Friday, December 17, 2004

Home Alone

There are many many good things about working from home. Take today, for example. It's pissing it down, it's dark, it's cold. I spent the morning cocooned in my bed, wearing pyjamas, working on my laptop. When the rain stopped I had a leisurely bathe, dressed, strolled up the hill to the Triangle, went to a cafe for lunch, wandered idly round some shops before wandering idly back down the hill. This afternoon, as I have no deadlines, I chatted on the phone, I played with the Ponker, I read about 10 new blogs, I fantasised about the imminent return of Vanesita, and IMed my sister.

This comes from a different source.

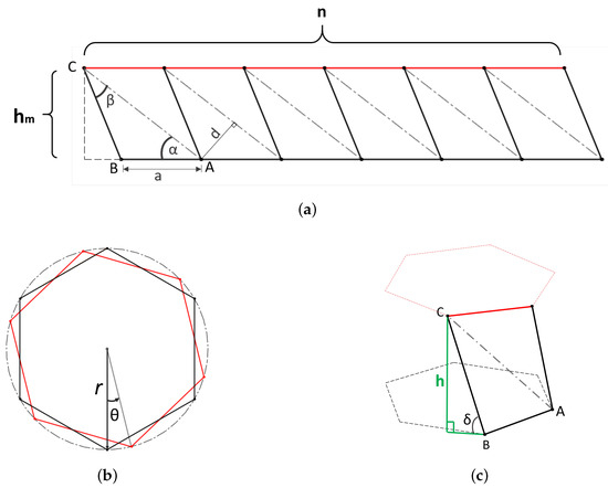 Figure 1a represents an n faces polygon Kresling pattern in planar state, which forms a polyhedral cylinder when assembled. The triangulated polyhedron geometry is resolved by , , at the planar state, where a, , and are constant values. The angles and are the main design criteria to create the cylinder, because the strength of the structure depends on them. Zhai et al. suggest that, for small angles around , the structure is easy to deploy and easy to collapse, and for greater angles around , the structure is hard to deploy and hard to collapse [31]. For large angles, the structure is stronger and able to support loads. To obtain a symmetric structure we consider mm; therefore, according to Hunt [32], where and . The angle has been obtained from the geometric resolution proposed by Jianguo et al. [33]. Here h is considered to be known, and d can be obtained by . Consequently, our prototype has been designed with mm, mm, and , thus a flexible deformable link is created, and the unitary ABC triangle angle is > to achieve continuous strain at each member tension or compression in the deployed and collapsed states.

Super, you might say, and you'd be right. It truly is a much better way to live. Unfortunately, it has its downsides. For example, on Tuesday I realised that I hadn't left the flat for three days. That evening Milway was at his Christmas bash and it dawned on me that I would be alone and STILL in the flat. Attempting to rectify this, I decided to go late night shopping. Just as the bus arrived to whisk me towards the delights of Bromley, I realised I'd left my wallet. By the time I got in again I decided to give it up as a bad lot. I am now totally ill-equipped to deal with life. I was dozy before, but now I'm even worse - permanently with my mind on some drivelling inner monologue rather than the matter at hand.

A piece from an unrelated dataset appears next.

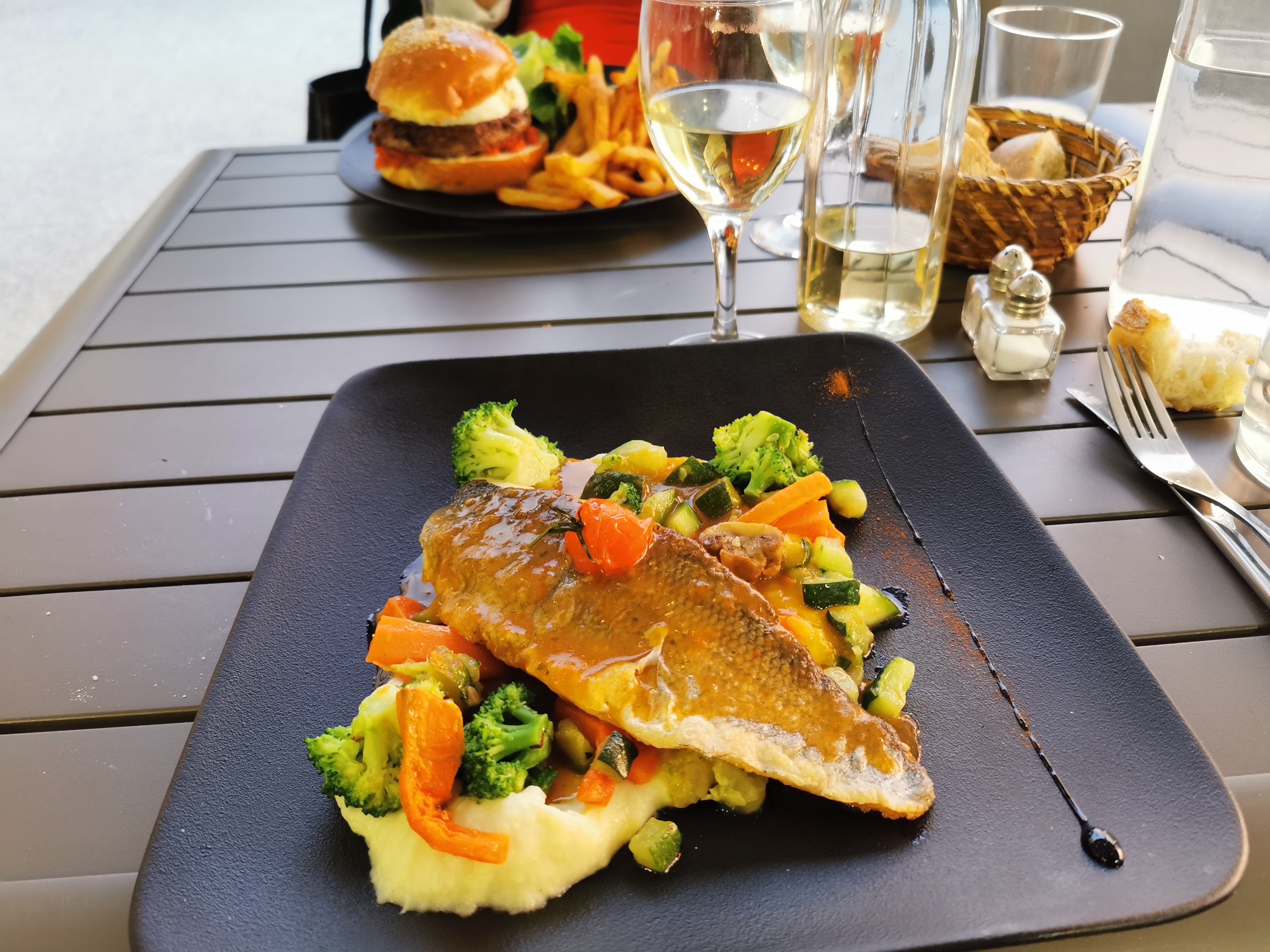 Super restaurant, il affiche complet à midi avec vacanciers et habitués. Le tartare de saumon était tres bon, le burger Forest Gump est très bon malgré la mayonnaise au curry qui masque le goût des gambas. Le burger Smash bon lui aussi. Le menu du jour était atipique et bon aussi. Merci pour votre sourire et votre accueil pour ce déjeuner.

Which leads me to my next point. Note how my solution to being alone in the flat was to go shopping. Alone. There was a party I could have gone to, but oh no - I couldn't face it. Six months ago I was someone who hated being alone. Proud as I am of my new-found independence, I am slowly turning into someone who hates being in company. I am losing social skills. I no longer remember how to communicate. Ask me a question and I stare, mute, unsure of what to do. And I've lost sight of what's interesting. After 2 long, crappy years of job misery, I am suddenly leading a whole new, fabulous life, and yet out with friends last night, the most interesting thing I could think to talk about was the fact that I'd just bought some new slippers, and I was mighty pleased with them, but I think my sister might buy me a pair for Christmas as well, but that's ok because you can never have too many pairs of slippers - and my feet get so cold in the flat all day long that they're like iceblocks ha ha ha!

And once I finally crank myself up to speak again, I can't shut up! Blahdeblahdeblah! I haven't heard the sound of my own voice for so long that I become almost hysterical with the joy of it. The inner monologues become outer, and, on reaction with the air, split and multiply at an alarming rate until, before long, I'm weaving in and out of digression after digression, unable to remember where I started or where I'm going or where it all ends.